Sounding out technology.
Composing in code.

tag: studio journal

Guitar + Synth Learning: Ultomaton Software

This is a quick, initial attempt on my part with a new piece of software called Ultomaton. The name is a play on the word “automaton” because the software employs Conway’s Game of Life, the famed “cellular automation” simulation, as a source of triggers and other controls, such as volume and place in the stereo spectrum, for all manner of sonic processes. These effects include stutter, backwards audio, looping, and granular synthesis, several of which are heard in this test run.

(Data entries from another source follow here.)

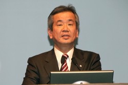 まず登壇したキヤノンマーケティングジャパン(株)川崎正巳代表取締役社長は、同社のカメラ事業が好調に推移していることをアピール。「昨年キヤノンはコンパクトデジカメ、デジタル一眼レフカメラでシェアNo.1、ムービーも含めたデジタルカメラ全体でもNo.1シェアを獲得。IXY 30S/50SやEOS Kissシリーズ2機種、EOS 60D、交換レンズなど、各カテゴリの製品で非常にご好評を頂いている。7年連続No.1を保持してきた今では、デジタルカメラと言えばキヤノン、というイメージは不動のものになった」と力強く発言した川崎氏は、現在のカメラ市場を以下のように分析した。
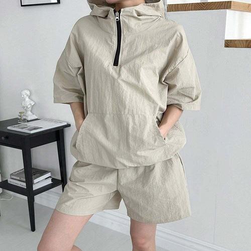 [라일리의류] Rly T 60W 여자 후드 아노락세트 커플 셋업 반팔
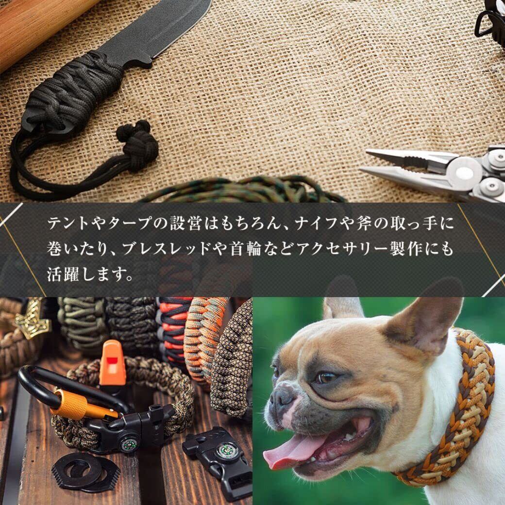 優れた耐久性と柔軟性があり、テントやタープの設営時のガイロープとしてはもちろん、パラコードブレスレッドなどアクセサリーの制作にも最適です。
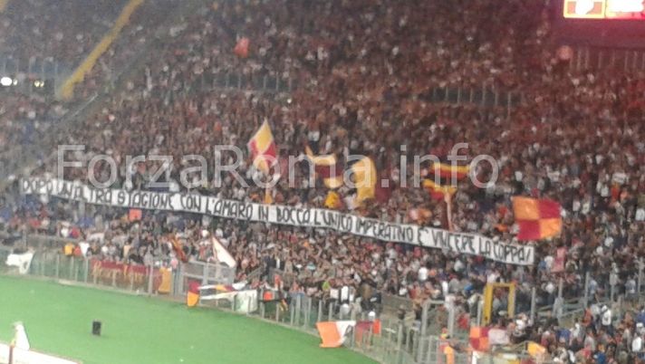 Striscione eloquente in Curva Sud "Dopo un'altra stagione con l'amaro in bocca, l'unico imperativo ? vincere la Coppa". Questa la scritta apparsa su uno striscione alzato al 10? del primo tempo.
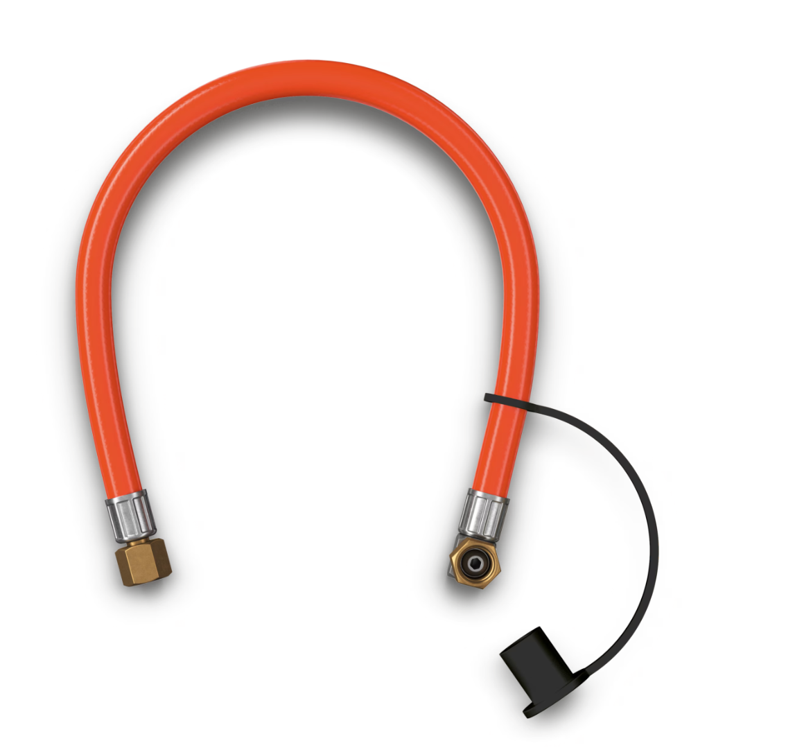 - Mit dem Gasanschluss-Schlauch verbindet er mehrere Geräte mit einer Gasflasche

What I’m playing on electric guitar as the source audio is the first of the 120 right-hand exercises by composer Mauro Giuliani (1781 – 1829). I’ve been working my way through these exercises for the past few weeks, and sometimes experimenting with ways to make practice even more enjoyable, such as prerecording the chords to supply accompaniment. The real-time processing of Ultomaton provides accompaniment as I play, built from the very things I am playing at that moment. The accompanying screenshot shows the Ultomaton controls as they were set for this recording.

The electric guitar went into the laptop, a Macbook Air (2013), via a Scarlett audio interface. After recorded, the audio was cleaned up in Adobe Audition: volume increased, bit of reverb added, and fade-in/fade-out implemented.

Track originally posted at soundcloud.com/disquiet. The Ultomaton software is the work of Benjamin Van Esser, who is based in Brussels, Belgium. The software is free at github.com/benjaminvanesser. More information at benjaminvanesser.be.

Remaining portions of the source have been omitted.